Cognitive-Behavioral Brief Therapies

The behavioral therapies have a decades-long history and a good record of achievement. The cognitive therapies are the inheritors of this earlier track record. What the two have in common is that neither addresses “root causes” of disorders of mental life, but focus almost exclusively on the patient’s outward manifestations. These “nonpsychological” or “non–insight-oriented” styles of therapy are broadly applicable, both in terms of patients and problems. (For the cognitive-behavioral therapies, see Chapter 16.)
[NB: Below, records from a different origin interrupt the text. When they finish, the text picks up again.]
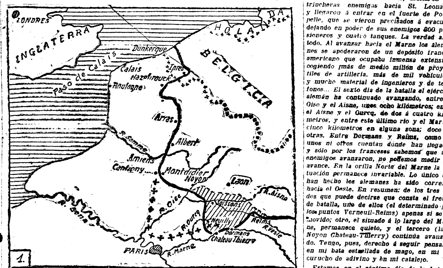
Posición de los alemanes en la madrugada del 27 de Mayo. Id id id id en la noche del 1 de Junio. Id id id id que acaso pretendían ocupar como consecuencia de su ofensiva.

Touvent y las líneas adversarias al Oeste de Noyon. Los franceses responden que tuvieron tentativas en extremo violentas en la lina Norte del bosque de Carlepoint y de Moutin-sous-Touvent, rechazando al enemigo al Norte de dichos pueblos. ¿Que si está claro? Pues no lo está. Porque a continuación los mismos franceses aseguran que conquistaron sus enemigos el monte de Choisy, y que, contrarrestados des-
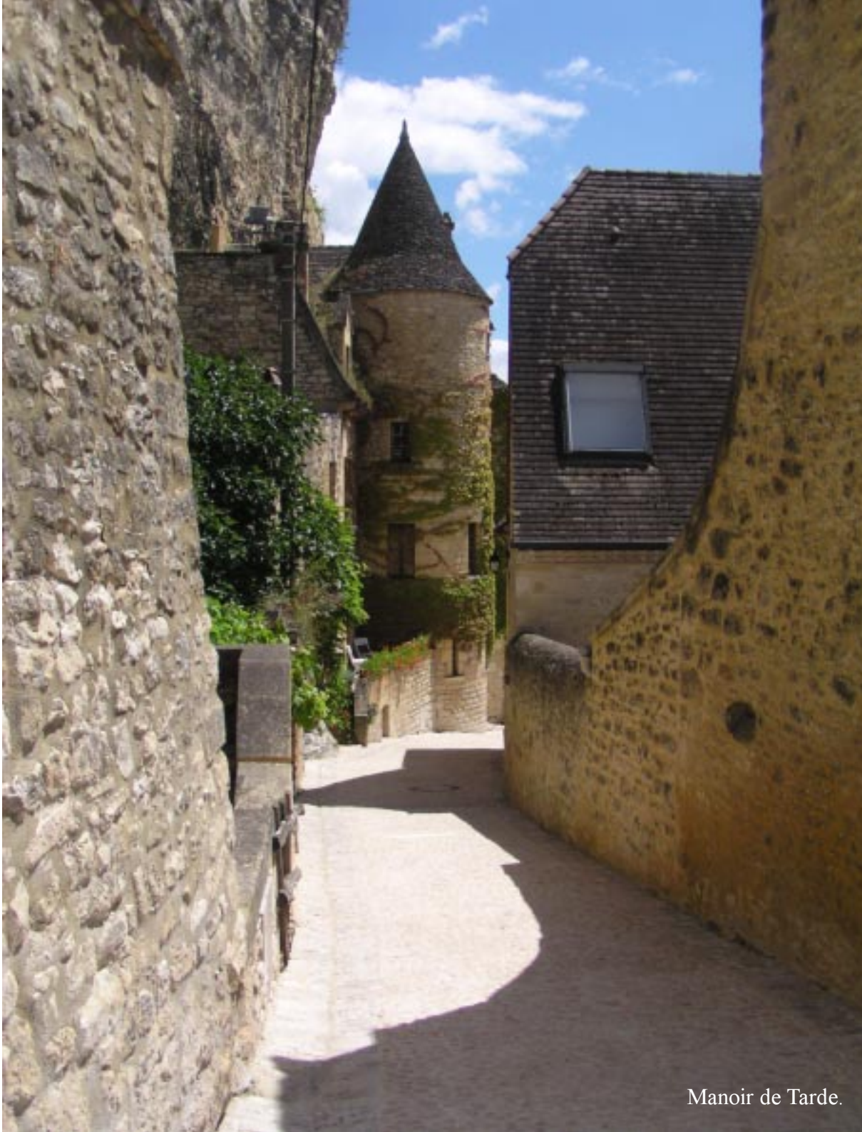
Manoir de Tarde.
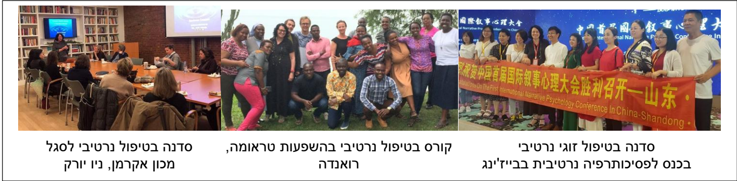
סדנה בטיפול נרטיבי לסגל מכון אקרמן, ניו יורק

אנו מלמדים את הגישה נרטיבית בארץ וברחבי העולם - באוניברסיטאות, מכונים וכנסים מקצועיים.
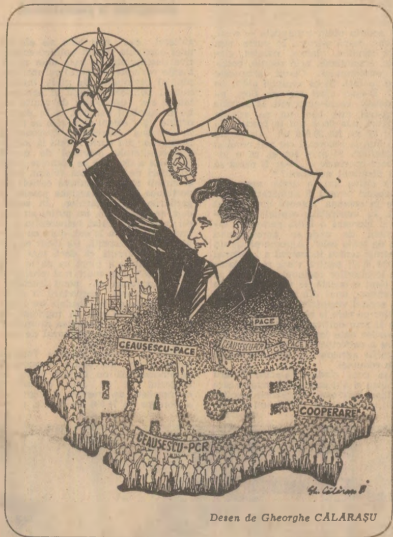
Desen de Gheorghe CALARASU

Dind expresie voinței milioanei de cetățeni care le-au încredințat mandatul în forul suprem legislativ al țării, participanții la sesiunea Marii Adunări Naționale, ca și la reuniunile principalelor organisme obștești ale democrației noastre socialiste, odată cu dezbaterile fundamentale pentru dezvoltarea economică și socială a patriei, au adoptat documente care reflectă înalta grijă și (Continuare în pag. a V-a)
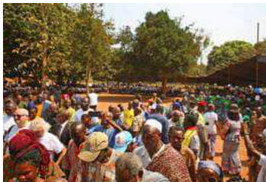
Il y a beaucoup de monde !
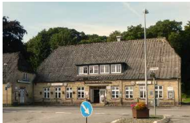
Historische Ochsenweggaststätte Rothenkrug

Ich verlasse den Ochsenweg. Am Hauptwall befindet sich ein Museum, es zeigt die Geschichte der Dänen die hier leben und zur „Südschleswiger Volksgruppe“ gehören. Der Hauptwall in diesem Abschnitt war 1850 im deutsch-dänischen Krieg zu einer Festung ausgebaut.
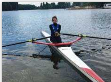
Klub Wioślarski Gopło Kruszwica reprezentowali:

W regatach startowali czołowi wioślarze w kategorii młodzika, juniora młodszego oraz juniora.
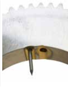
Placement plus simple des électrodes grâce aux marquages pour Ø 1,0/1,6 mm (0,039"/0,063")
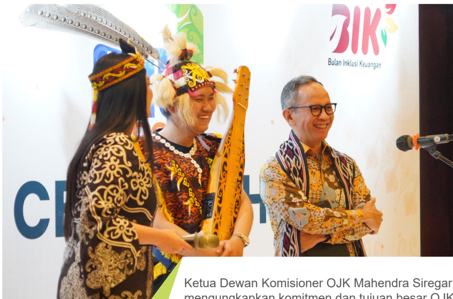
Ketua Dewan Komisiner OJK Mahendra Siregar mengungkapkan komitmen dan tujuan besar OJK untuk terus berfokus pada penguatan sektor jasa keuangan, terutama di wilayah 3T.

Rangkaian program literasi dan keuangan PNM menjadi salah satu langkah nyata dalam mendukung pengembangan inklusi keuangan. ●
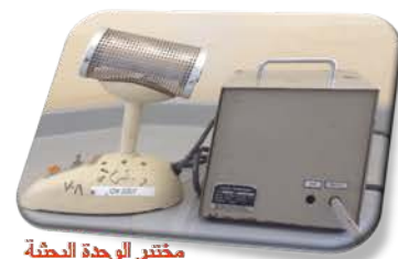
مختبر الوحدة البحثية
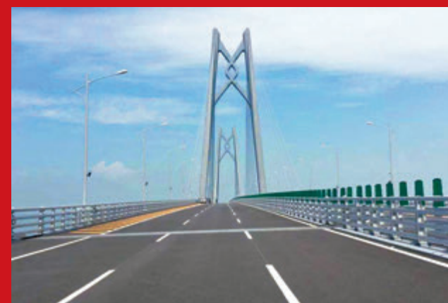
◆港珠澳大橋路面寬闊,設施先進,十分適合舉辦馬拉松賽和公路單車賽。圖為港珠澳大橋橋面。香港文匯報記者敖敏輝攝

根據通報,十五運會分為競體比賽和群眾賽事項目,其中,競體比賽設34個大項401個小項,群眾賽事項目設23個大項166個小項。在賽事布局方面,按照「廣東為主、港澳優先」的原則開展。具體而言,競賽方面,廣東將承辦350個小項,香港承辦37個小項,澳門承辦14個小項。群眾項目方面,廣東、香港、澳門分別承辦152個、6個和8個小項。
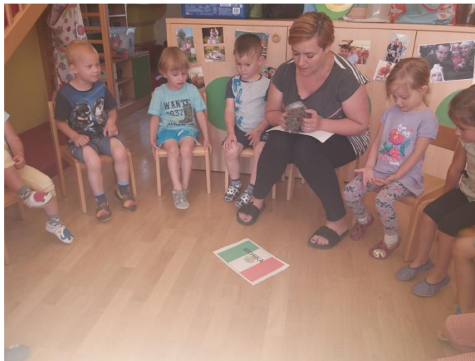
Slika 49: Pogovor o Mehiki

Zanimivo je bilo raziskovati, kje leži Mehika. Otroci so med dejavnostjo večkrat pogledali Angelco, ki jih je spretno motivirala in izražala moč lutke med dejavnostjo. Opazila sem, kako otroci sledijo njenim namigom in vprašanjem. Otroci z lutko res uživajo in raziskujejo. Videti pa je bila tudi velika razlika med našimi priseljenci. Najbolj odprt za sodelovanje med dejavnostjo je bil prav Leo.
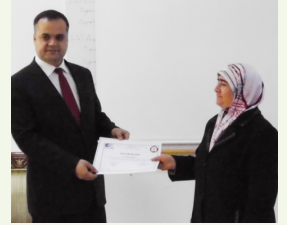
fendileri tebrik ediyorum ve belgelerin hayırlı olmasını diliyorum" dedi.
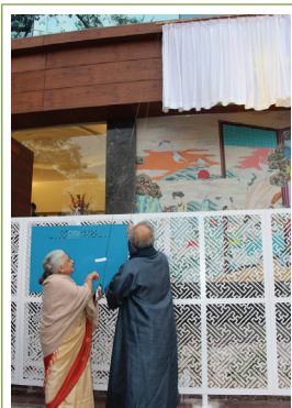
뉴델리 한국문화원 개관 모습
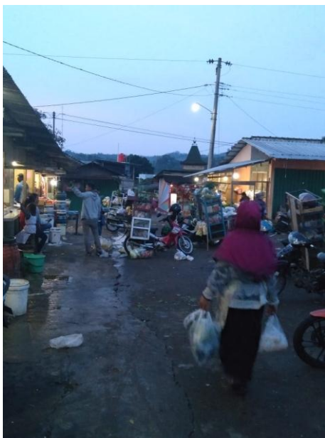
Suasana Pasar Pagi
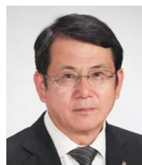
田中 正規 ガバナー

The method of Aaron Beck1921 aims at bringing the patient’s “automatic” (preconscious) thoughts into awareness and demonstrating how these thoughts affect behavior and feelings. The basic thrust is to challenge them consciously, and to practice new behaviors that change the picture of the world and the self in it. Beck says that an individual’s interpretation of events in the world is encapsulated in these fleeting thoughts, which are often cognitions at the fringes of consciousness. These “automatic thoughts” mediate between an event and the affective and behavioral response. The patient labors under a set of slogans that, by their labeling function, ossify the worldview and inhibit experimenting with new behaviors.

The therapist actively schedules the patient’s day-to-day activity, and the patient is asked to list in some detail actual daily activities and to rate the degree of “mastery” and “pleasure” in each. These allow the therapist to review the week with the patient and to sculpt behaviors. Cognitive rehearsals are also used to help the patient foresee obstacles in the coming week. The therapist repeatedly explains the major premise of the cognitive model, that an intermediating slogan lies between an event and the emotional reaction. This slogan may take a verbal or pictorial form. The therapist then, using Socratic questioning, elicits from the patient statements of fact that lead to a more accurate conceptualization of the problem, while at the same time actively interfering with the patient’s obsessive reiteration of the negative cognitive set. The patient’s participation in the reasoning process provides a chance to experience the therapy before actually putting it into practice. Most of the work, however, is not done in sessions, but in homework in which the patient carries out the prescriptions of the therapist.

Interpersonal Therapy

Interpersonal psychotherapy (IPT), developed by Klerman and colleagues,22 is a highly formalized (“manualized”) treatment. It was developed primarily to treat patients with depression related to grief or loss, interpersonal disputes, or interpersonal skill deficits, but its applicability is sometimes broader than just those conditions.

Temperamental fit between the patient and therapist plays a large role. Crits-Christoph7 notes that “patients who have more interest in examining the subtle, complex meanings of events and interpersonal transactions are a better match” for expressive treatment, whereas those with a more concrete style may prefer cognitive therapy or IPT (p. 157). This psychotherapy deemphasizes the transference and focuses not on mental content, but on the process of the patient’s interaction with others. In IPT, behavior and communications are taken at face value. Consequently, therapists who need to find creativity in their work may dislike IPT. The strength of the method is that it poses little risk of iatrogenic harm, even to the fragile patient, and even in the hands of the inexperienced therapist.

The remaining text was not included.